Secondo il report dell’Ong francese è la criminalità organizzata, soprattutto nel sud del Paese, oltre che vari gruppi estremisti violenti, aumentati notevolmente durante la pandemia, a minare la libertà di stampa nel nostro Paese.  L’Italia brilla poco negli indicatori economici, dove non si raggiunge la sufficienza, e in quelli politici dove ci sarebbe stato un passo indietro rispetto allo scorso anno. Un miglioramento si è avuto invece rispetto alla sicurezza e agli aspetti legislativi, anche se il divario con la stampa del Nord Europa resta sempre molto ampio.

Nel contesto politico, in particolare, i giornalisti italiani godono per la maggior parte di un clima di libertà. “A volte, però, – si legge nel report – cedono alla tentazione di autocensurarsi, sia per conformarsi alla linea editoriale della propria testata giornalistica, sia per evitare una causa per diffamazione o altra forma di azione legale, sia per paura di rappresaglie da parte di gruppi estremisti o della criminalità organizzata”.

Dal punto di vista del contesto economico, invece, permane rispetto all’anno precedente una precarietà crescente, aggravata dalla crisi, che mina pericolosamente il giornalismo e, quindi, il suo dinamismo e la sua autonomia. Oltre a una generale condizione lavorativa di incertezza, nel contesto italiano persiste una polarizzazione della società che ha colpito i giornalisti durante la pandemia e che, inoltre, si è cristallizzata attorno a questioni politiche o ideologiche legate all’attualità. Dati che fanno riflettere e che restituiscono la fotografia di un’Italia ancora lontana dalla totale libertà di espressione. Un’Italia che non riesce a liberarsi dal meccanismo dell’autocensura. Un’Italia incatenata ancora dalla criminalità organizzata. Un’Italia libera di parlare “a metà”. Ed allora bisogna interrogarsi su cosa significhi “libertà di stampa”. Un interrogativo ancora più attuale se si pensa a quanto nel nostro Paese la gestione dei media sia strettamente connessa al potere politico.

Di pochi giorni fa la notizia della scomparsa di uno dei più grandi e discussi protagonisti dei nostri tempi, Silvio Berlusconi.

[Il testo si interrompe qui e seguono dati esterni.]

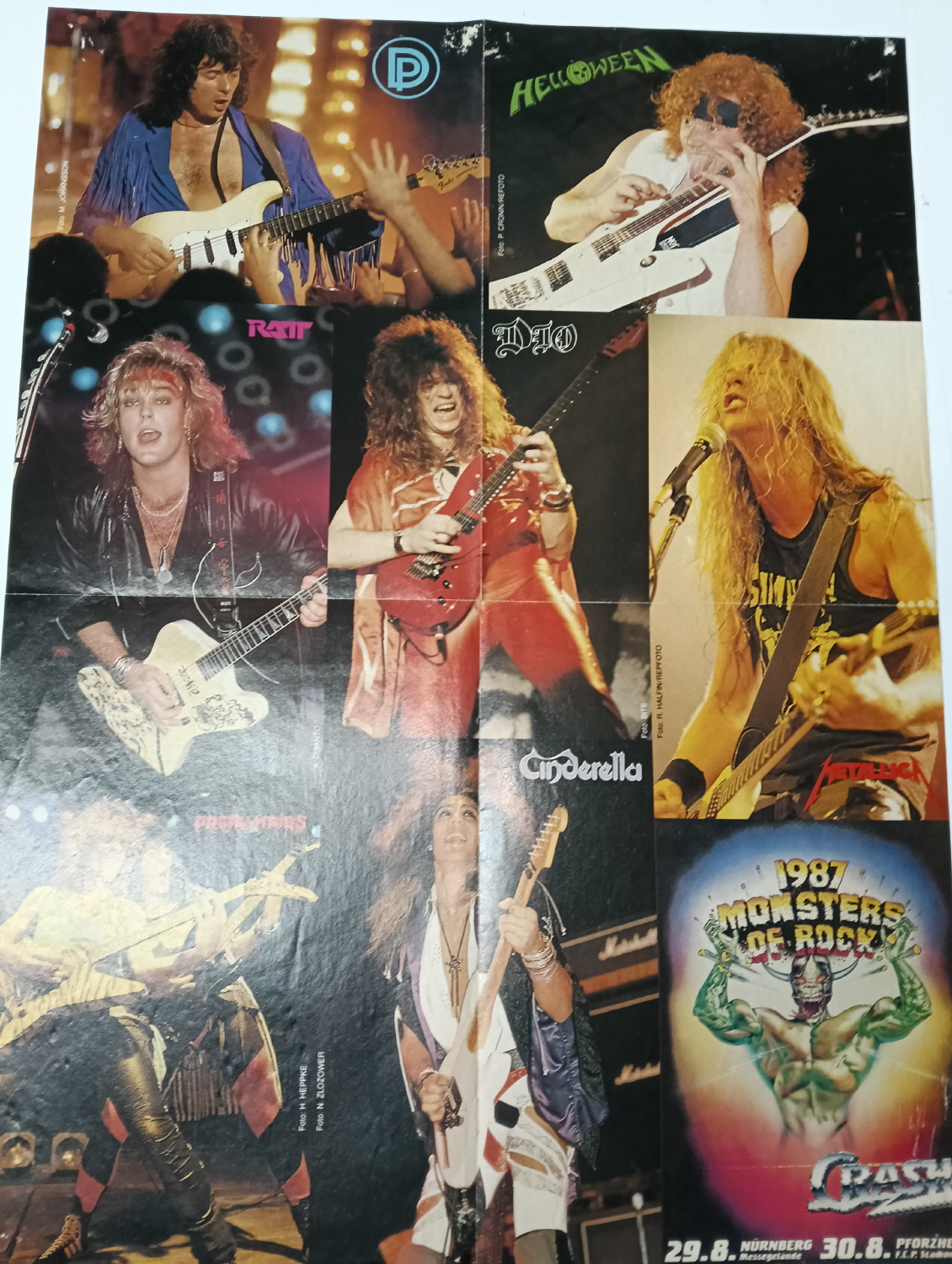 Magazine-posters – especially vintage ones – were often used to hang on a wall and many had just normal thin paper. So these could have tag-holes, adhesive tape residue, stains, tears, rips, seam splits, holes from the staples of the magazines, etc.

È stato, infatti, un grande comunicatore e ha (stra)utilizzato i media, nel bene e nel male, per diffondere il suo ego politico, imprenditoriale e personale. Ed allora bisogna chiedersi come li ha utilizzati? E come i (suoi) giornalisti abbiano veicolato le informazioni nei (suoi) giornali e nelle (sue) reti televisive? Quanto realmente libera è stata ed è l’informazione dell’impero editoriale di sua proprietà? E, più in generale, quanto le ideologie delle “proprietà” influenzano o devono influenzare l’informazione? La possibile manipolazione si può basare sulla scelta dei contenuti, sul linguaggio con cui quei contenuti vengono presentati, sulle omissioni, sul taglio e sul colore che si decide di dare quando si racconta un fatto.

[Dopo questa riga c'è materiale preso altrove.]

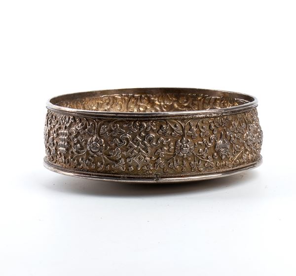 di forma circolare con decorazioni a volute fogliate e floreali.

È quello che accade anche quando si parla di Sicurezza sul lavoro.

Spesso non si scrivono tutte le cause; spesso diventa un momento di cronaca per annunciare che è successo un infortunio, grave o meno, mortale o meno, senza entrare nello specifico. Da un lato perché parte l’indagine investigativa e dall’altro essendo una materia molto tecnica non si hanno gli elementi per poter dare le informazioni in modo esatto.  Parlare di sicurezza sul lavoro non è solo raccontare l’infortunio e chi è del settore lo sa benissimo.

Ed allora ci si rende conto come la libertà di stampa abbia ancora delle catene invisibili, sottili, ma resistenti.  Garantire un’informazione libera e plurale è una sfida di non semplice risoluzione, soprattutto nell’era del digitale.

Con un click è possibile accedere ad un mare di informazioni. Ma non sempre è semplice navigare in questo mare.

Cosa significa allora essere liberi di esprimersi?

Quale interpretazione si può dare?

Anche dove la libertà di stampa sembra acquisita è importante capire che questo principio va interpretato ogni giorno in rapporto alle reali possibilità e alle reali volontà di garantire un’informazione approfondita e pluralista.

Ed allora la Giornata della libertà di stampa deve essere un’occasione di riflessione ed ha un senso se diventa il baluardo di una sfida per la conquista o il mantenimento della democrazia.